Abstract
Intensity-modulated radiation therapy (IMRT), an innovative treatment option for prostate cancer, has rapidly diffused over the past decade. To inform our understanding of racial disparities in prostate cancer treatment and outcomes, this study compared diffusion of IMRT in African American (AA) and Caucasian American (CA) prostate cancer patients during the early years of IMRT diffusion using the Surveillance, Epidemiology and End Results (SEER)–Medicare linked database. A retrospective cohort of 947 AA and 10,028 CA patients diagnosed with localized prostate cancer from 2002 through 2006, who were treated with either IMRT or non-IMRT as primary treatment within 1 year of diagnoses was constructed. Logistic regression was used to examine potential differences in diffusion of IMRT in AA and CA patients, while adjusting for socioeconomic and clinical covariates. A significantly smaller proportion of AA compared with CA patients received IMRT for localized prostate cancer (45% vs. 53%, p < .0001). Racial differences were apparent in multivariable analysis though did not achieve statistical significance, as time and factors associated with race (socioeconomic, geographic, and tumor related factors) explained the preponderance of variance in use of IMRT. Further research examining improved access to innovative cancer treatment and technologies is essential to reducing racial disparities in cancer care.
Keywords
Introduction
African American (AA) men in the United States experience significantly greater prostate cancer incidence and mortality compared with Caucasian American (CA) males (American Cancer Society, 2013a, 2013b). The reasons for this disparity are complex and not fully understood, but are believed to include differential access to care, including differences in cancer treatment (American Cancer Society, 2013b). Prior studies have demonstrated that compared with CA men, AA men are diagnosed at a later stage (Cohen et al., 2006; Du et al., 2006; Hoffman et al., 2001; Mullins, Onukwugha, Bikov, Seal, & Hassain, 2010) receive less aggressive treatment (Ellis et al., 2013; Godley et al., 2003; Hayn et al., 2011; Holmes et al., 2009; Pisu et al., 2010) and also experience a longer delay from diagnosis to start of treatment (Gross, Smith, Wolf, & Andersen, 2008; Stokes et al., 2013).
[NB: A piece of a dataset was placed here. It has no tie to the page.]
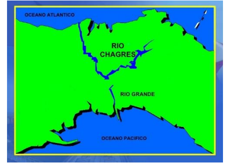
Figure 1: Grande River.

Americans took advantage of the reservoir built by the French Canal Company. They raised a 5.18 meterhigh (17 feet) dam getting a spillway elevation from mean sea level of 71.6 meters (235 feet).

Treatment options for prostate cancer differ depending on the age and general health of the patient, and the characteristics of the cancer itself. The primary treatment options for early-stage disease—which is the focus of this study—include prostatectomy (surgical removal of the prostate gland), brachytherapy (surgical implantation of radioactive seeds), and external beam radiation therapy. Because these prostate cancer treatment options show comparable survival benefits and there is no definitive “best” treatment, treatment selection is commonly a matter of the patient’s preference and his physician’s referral.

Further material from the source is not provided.